:: PROBLEM DESCRIPTION ::
Produce a faithful copy of every record below, without the pictures.

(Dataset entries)
__________________________________________________

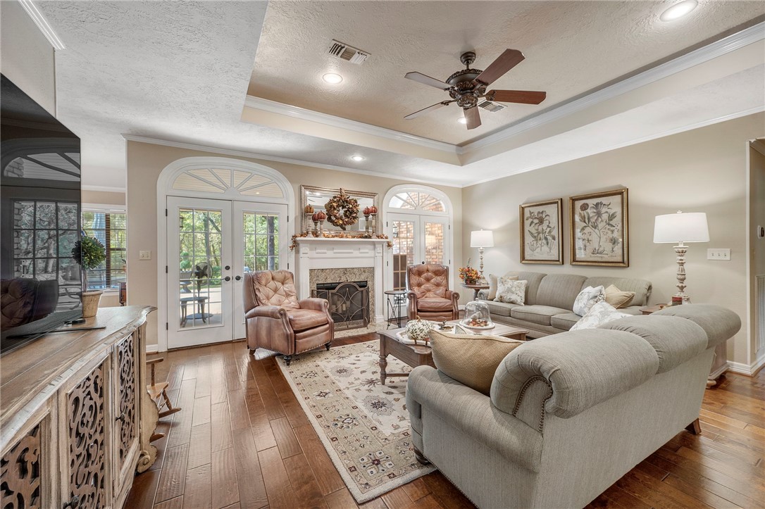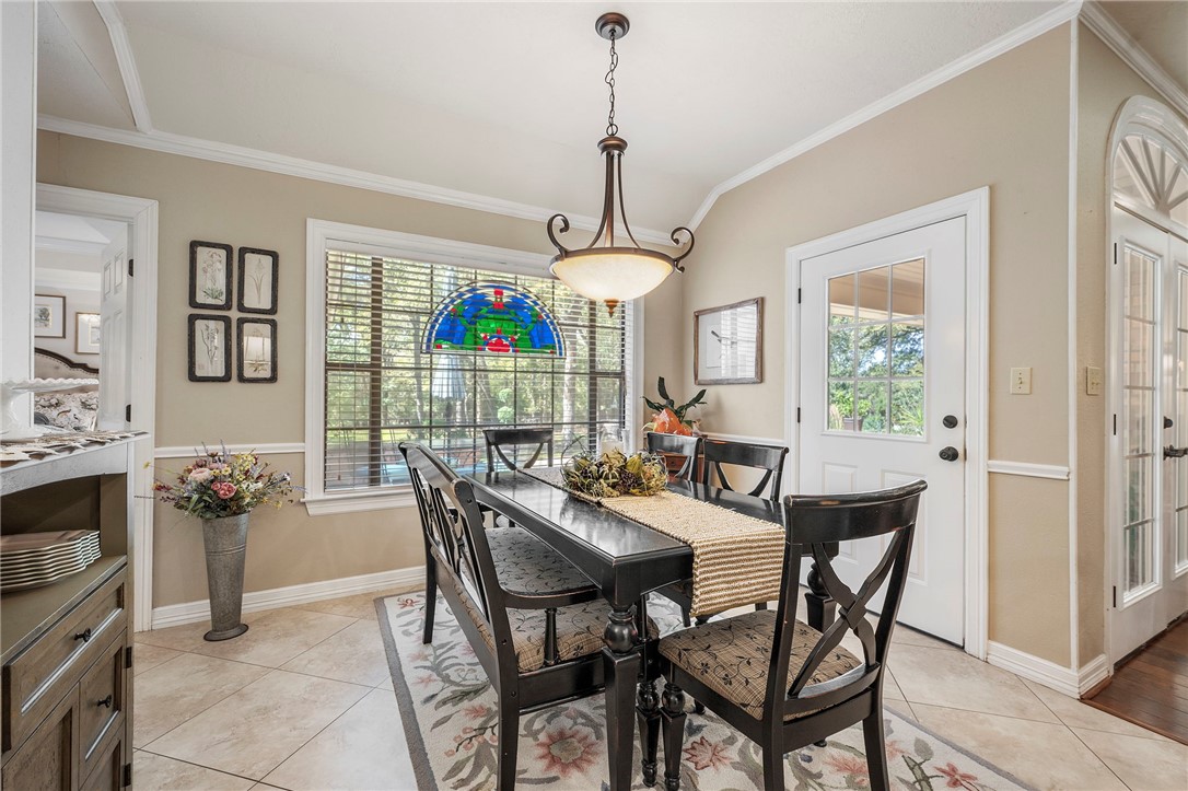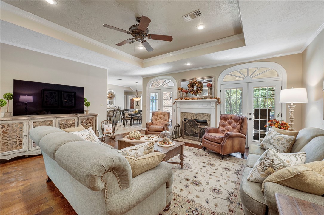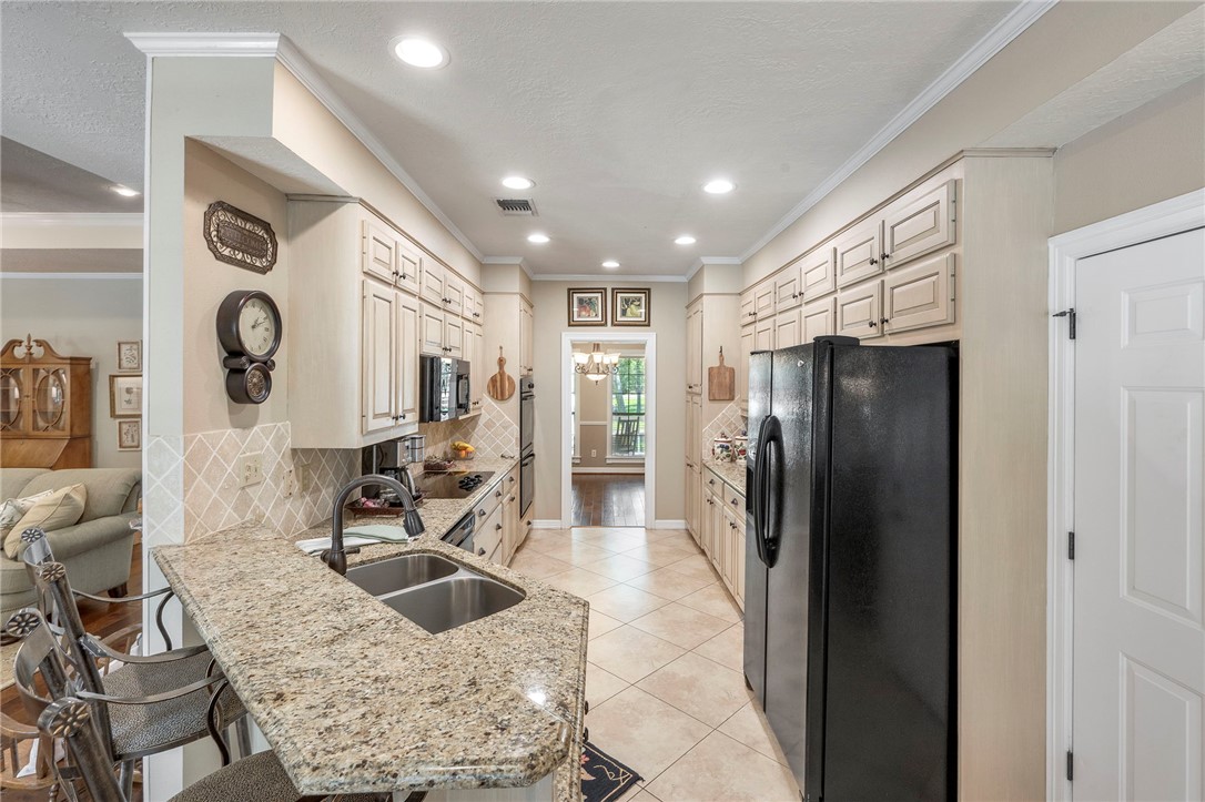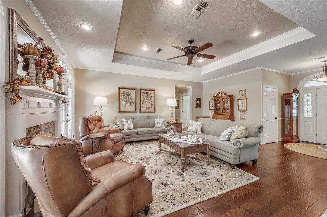 Enjoy pop-up ceilings in the living room and bedrooms, crown molding throughout, custom transoms, and a fireplace with a hand-crafted surround and mantel. The kitchen includes double ovens, separate cooktop, new built-in microwave, and refrigerator. A dedicated laundry room adds functionality and convenience. The custom patio, designed by a local landscape architect, features brick accents and a separate grilling area—perfect for entertaining. The oversized attached garage is paired with a brick-lined driveway and sidewalk, plus additional parking space.
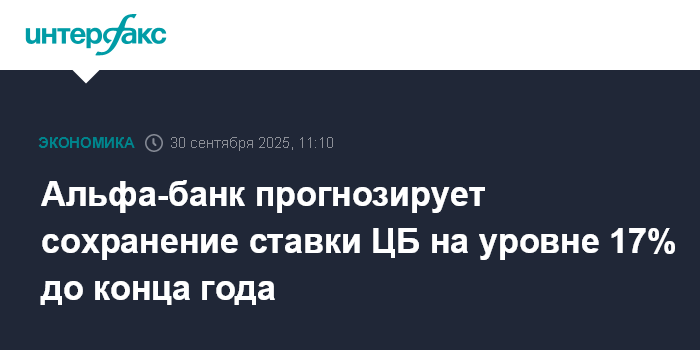 Москва. 30 сентября. INTERFAX.RU - Альфа-банк прогнозирует сохранение ключевой ставки Банка России на уровне 17% до конца текущего года, говорится в обзоре главного экономиста банка Наталии Орловой. Ранее эксперт ориентировалась на ее снижение до 15%.
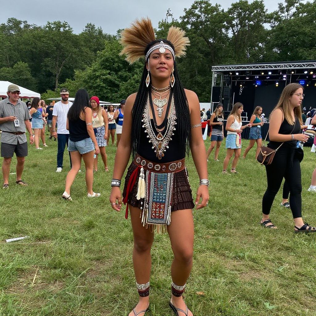Photograph of a young indigenous woman standing in a grassy outdoor area. She has a medium brown skin tone, long dark hair, and wears a large, decorative headdress with brown and white feathers. She is dressed in a black sleeveless top adorned with white beadwork, a multi-patterned, fringed skirt with a brown and white waistband, and silver ankle bracelets. She also wears multiple necklaces with white and silver beads. In the background, there are several people, including women in casual summer clothing and a man in a grey shirt and shorts. A stage with blue lights and a white canopy are visible to the right. Trees line the background under a partly cloudy sky.
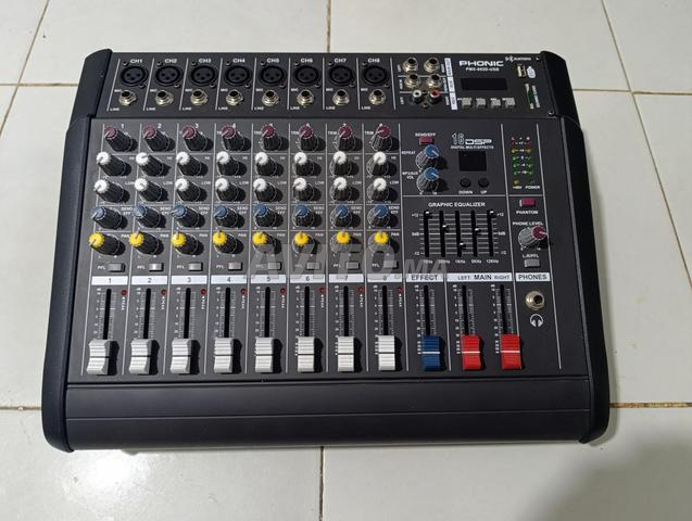 Je mets en vente une table de mixage de type Phonic PMX 802D-USB, fonctionnant parfaitement à 100% et testée, idéale pour les mosquées, les mariages, les réunions et l'usage domestique.
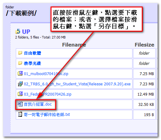 3. 點選需要下載的檔案:建議按滑鼠右鍵,點選「另存目標」。
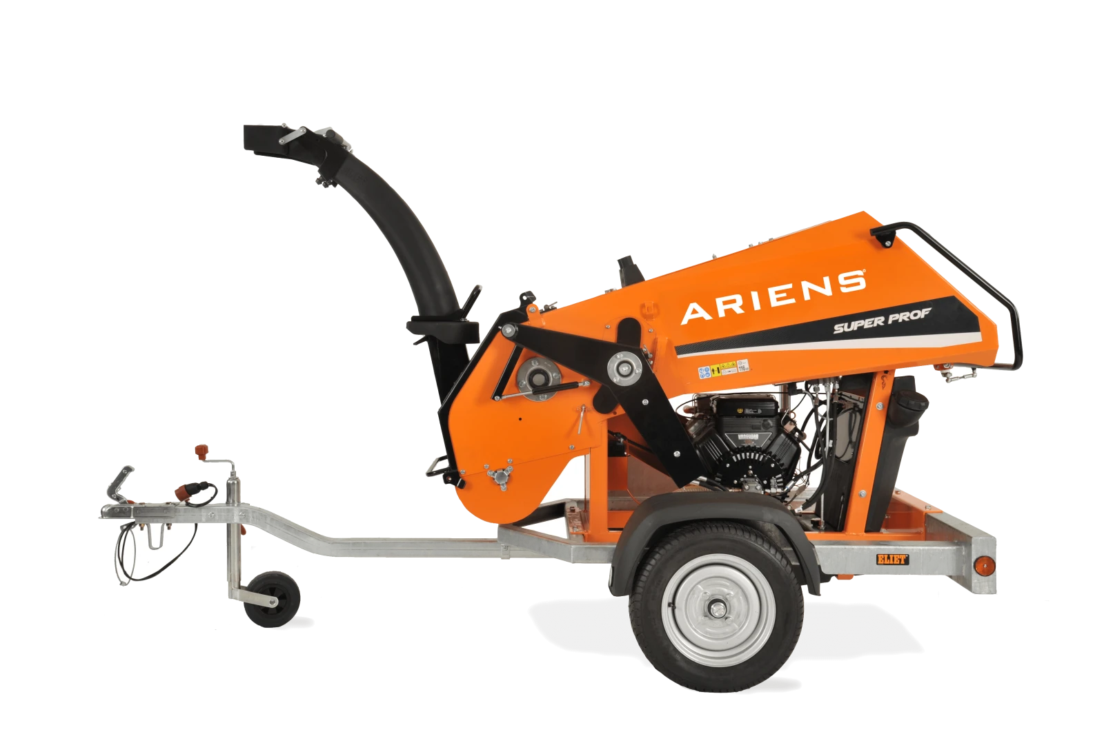 Kraftfull släpmonterad flishugg med anti-blockeringssystem som klarar grenar ända upp till 13 cm diameter.
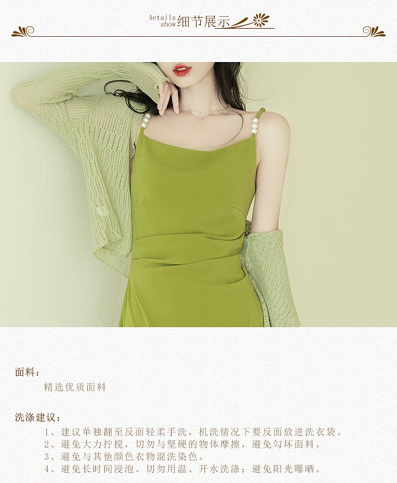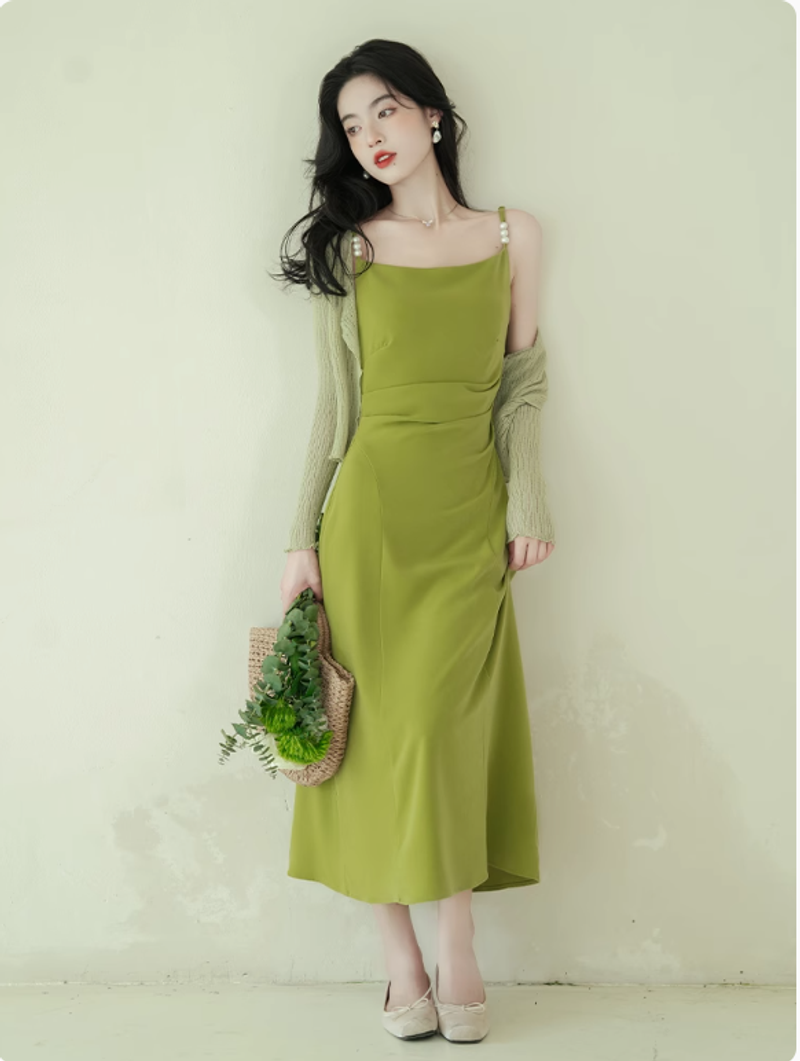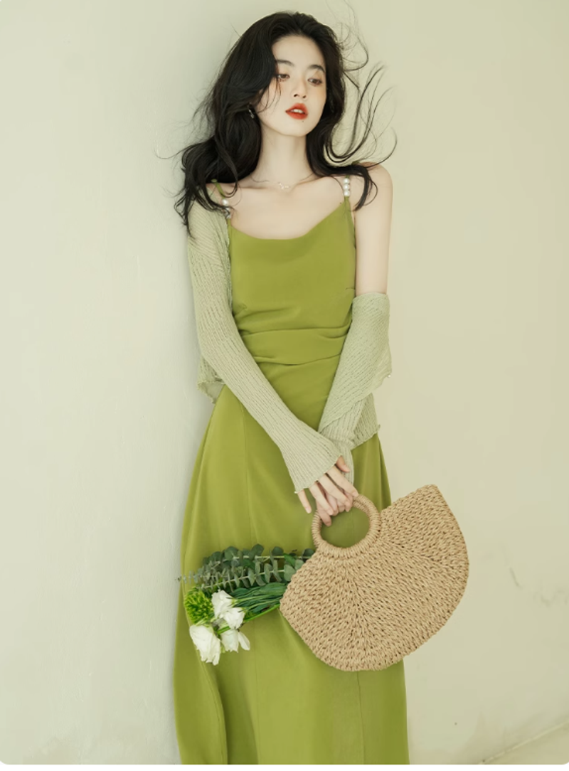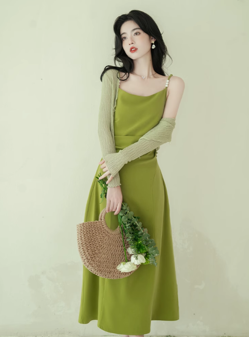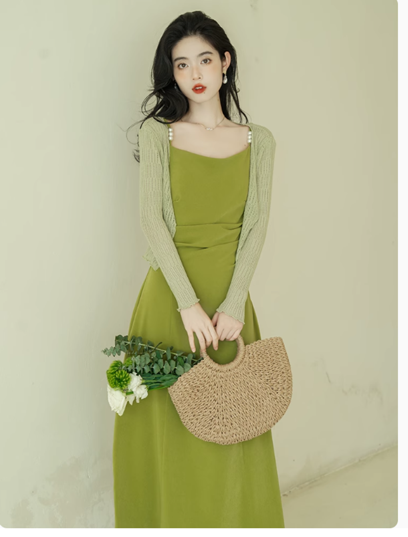 法式綠色連衣裙夏季2025新款高級感氣質絕美超仙吊帶開衫兩件套裝

__________________________________________________

:: THE COMPLETED TASK ::
 Enjoy pop-up ceilings in the living room and bedrooms, crown molding throughout, custom transoms, and a fireplace with a hand-crafted surround and mantel. The kitchen includes double ovens, separate cooktop, new built-in microwave, and refrigerator. A dedicated laundry room adds functionality and convenience. The custom patio, designed by a local landscape architect, features brick accents and a separate grilling area—perfect for entertaining. The oversized attached garage is paired with a brick-lined driveway and sidewalk, plus additional parking space.
 Москва. 30 сентября. INTERFAX.RU - Альфа-банк прогнозирует сохранение ключевой ставки Банка России на уровне 17% до конца текущего года, говорится в обзоре главного экономиста банка Наталии Орловой. Ранее эксперт ориентировалась на ее снижение до 15%.
Photograph of a young indigenous woman standing in a grassy outdoor area. She has a medium brown skin tone, long dark hair, and wears a large, decorative headdress with brown and white feathers. She is dressed in a black sleeveless top adorned with white beadwork, a multi-patterned, fringed skirt with a brown and white waistband, and silver ankle bracelets. She also wears multiple necklaces with white and silver beads. In the background, there are several people, including women in casual summer clothing and a man in a grey shirt and shorts. A stage with blue lights and a white canopy are visible to the right. Trees line the background under a partly cloudy sky.
 Je mets en vente une table de mixage de type Phonic PMX 802D-USB, fonctionnant parfaitement à 100% et testée, idéale pour les mosquées, les mariages, les réunions et l'usage domestique.
 3. 點選需要下載的檔案:建議按滑鼠右鍵,點選「另存目標」。
 Kraftfull släpmonterad flishugg med anti-blockeringssystem som klarar grenar ända upp till 13 cm diameter.
 法式綠色連衣裙夏季2025新款高級感氣質絕美超仙吊帶開衫兩件套裝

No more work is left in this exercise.